Spiral
Page 8
They halted. Jam threw a glance back down the alley –
’Get off the fucking car, man,’ came a heavy drawl reminiscent of a Hollywood gangster movie –
’Where am I, the Bronx?’ Jam smiled easily –
as -
machine-gun hell broke loose.
Bullets screamed, slapping at the flanks of the Mercedes, and Jam hit the floor hard, rolled, dodged the body of a black man who was picked up and spat backwards in a series of heavy-calibre punches. There were shouts, the black men produced pistols and a gunfight ensued with the Mercedes taking centre stage—
‘Motherfuckers...’
Jam backed into a doorway, heeled the heavy door open and spun into darkness -
Screams and the smack of bullets into flesh followed him.
Blood splashed up the back of his long leather coat.
Jam ran, dodging huge cold machines that loomed suddenly from the gloom. The machine pistol did not feel so comfortable now and he switched hands, wiping sweat from his palm. Six followers, the DP had relayed to his ECube - buzzing at him as it logged each pursuer ... could he rely on any of these mysterious figures - assassins? - being taken out by the gangstas?

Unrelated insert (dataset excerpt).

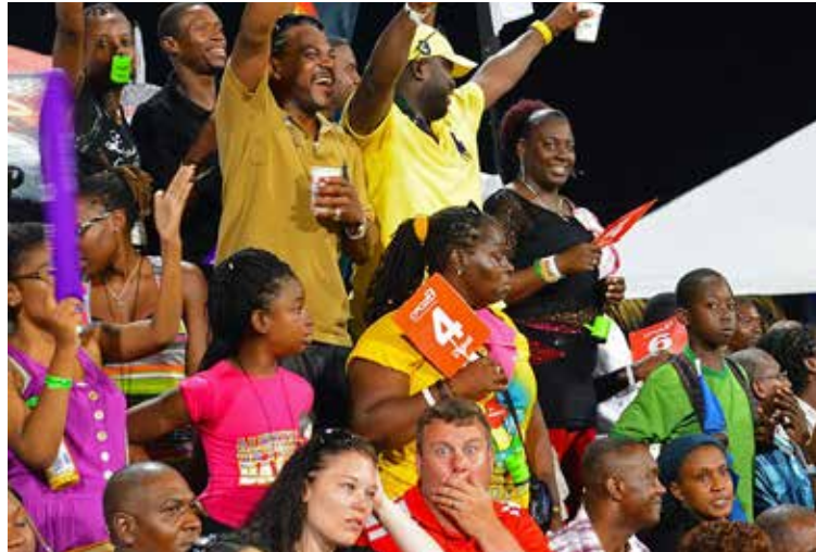
Fans in attendance at a cricket match in the Caribbean.

A variety of ticket options will be available and accessibly priced. Fans will be able to purchase tickets to single or multiple matches, travel and hospitality

No. Assume the worst; assume six to follow; and all six at least as heavily armed as himself.
He took the stairs in threes, long powerful legs pushing him up into the light. He was in a narrow stairwell that wound its way up as far as Jam could see. He ran on, producing a small dull silver ball from his pocket. A HPG -high-pressure grenade, working on chemical reaction instead of gunpowder detonation. No loud explosion ... a covert weapon, near-silent and utterly deadly...
Jam paused. Listened, head cocked. He pulled the tiny pin and allowed the ball to drop into the gloom below. He ran.
There was a muffled crack, and a hiss.
A wave of pressure rocked Jam from behind and below, a bellow of angry and silently screaming air, rushing past him like the close passage of a train - he didn’t wait to see if the HPG had caused a death toll: if nothing else, it would have made his pursuers more cautious. His head snapped left at the sounds of people, chattering, laughter.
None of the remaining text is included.